4 settembre 2016. Dopo un sonno agitato mi sveglio con un dolore lancinante alle mascelle, come se tutti i denti avessero preso a muoversi. In un lampo mi vengono alla mente le parole di mia madre che interpretava il sogno della caduta dei denti come annuncio di sventura.
Resisto stoicamente, ma il dolore aumenta, il dentista diventa inevitabile.
Il dottor Zacco Pancali effettua accurata ispezione a tutti i miei 44 denti, mi sottopone a ripetute radiografie, ma deve constatare, seppure a malincuore, che la mia dentatura è perfettamente sana.
Il fastidio tuttavia permane: mangio solo pappine e assumo antidolorifici sempre più potenti.
Dopo ulteriori, inutili indagini, capisco che con quel dolore devo conviverci.
Quante volte avevo esortato i miei pazienti ad abituarsi a convivere con il loro disagio psichico.
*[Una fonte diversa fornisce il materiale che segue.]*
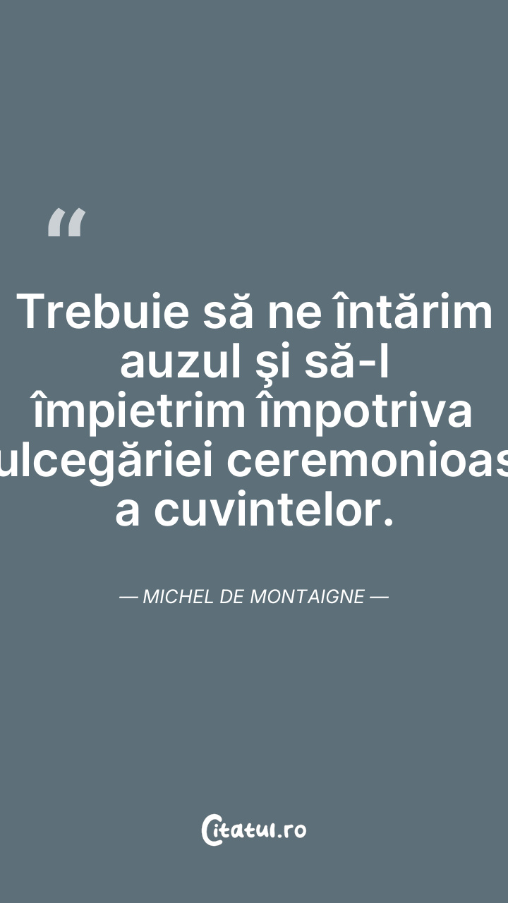 Trebuie să ne întărim auzul şi să-l împietrim împotriva dulcegăriei ceremonioase a cuvintelor. Michel de Montaigne

Era venuto il mio turno a farne la prova, questa volta con un malessere fisico.
Passano sei mesi e inizio ad avvertire disturbi allo stomaco: in progressione si manifestano aerofagia, difficoltà di deglutizione accompagnata da emissione di suoni simili al tubare di colombi.
Una mattina, mentre sono impegnato in una gara di flessioni con mio figlio, mia sorella, che ci osserva, lancia un grido indicando una montagnola di muscolatura disegnatasi sul ventre, come se il mio corpo avesse subito una trasformazione.
Inizia a tormentarmi il ricordo di un racconto di Buzzati, Il fischio al naso, il cui protagonista, ricoveratosi per eliminare un tic fastidioso, precipita in un girone infernale dove, di sintomo in sintomo, viene lentamente condotto alla morte.
Passano gli anni: i denti trovano un nuovo assestamento, così la muscolatura addominale.
All’inizio dell’estate ecco prodursi una vistosa irritazione pruriginosa sotto l’ascella sinistra. Allergia? Solo a sinistra?
Consulto una serie di dermatologi. Ognuno ha la sua pomata miracolosa da prescrivermi. Mi ungo continuamente. Risultati nulli.
Ritornano insistenti le immagini di uno smarrito Ugo Tognazzi nella riduzione cinematografica del racconto di Buzzati.
Cerco di individuare il filo rosso che unisce tutti questi disturbi, ciò che li accomuna: arrivano senza preavviso, sembrano insopportabili, poi subiscono un assestamento.
E tutto era incominciato in quella lontana mattina di settembre del 2016.
Cosa era successo allora? Cercavo la scena primaria.
E improvvisamente la soluzione si è fatta strada, emergendo dalle profondità del subconscio: proprio in quel periodo avevo iniziato a suonare il sassofono.
Non c’era disturbo che non conducesse a lui: il bocchino costringe a un adattamento l’arcata dentale; l’emissione del suono richiama aria dal diaframma e indurisce i muscoli addominali; il braccio sinistro stringe lo strumento, lasciando il destro libero di azionare i tasti, e, con il sudore, può produrre irritazione. Lo strumento si era gradualmente impadronito del mio corpo.
Ho capito che quella del sax è una dura disciplina, che il piacere di suonarlo comporta un prezzo da pagare: è uno strumento che davvero entra nel corpo, ne diventa una protesi e impone la sua legge.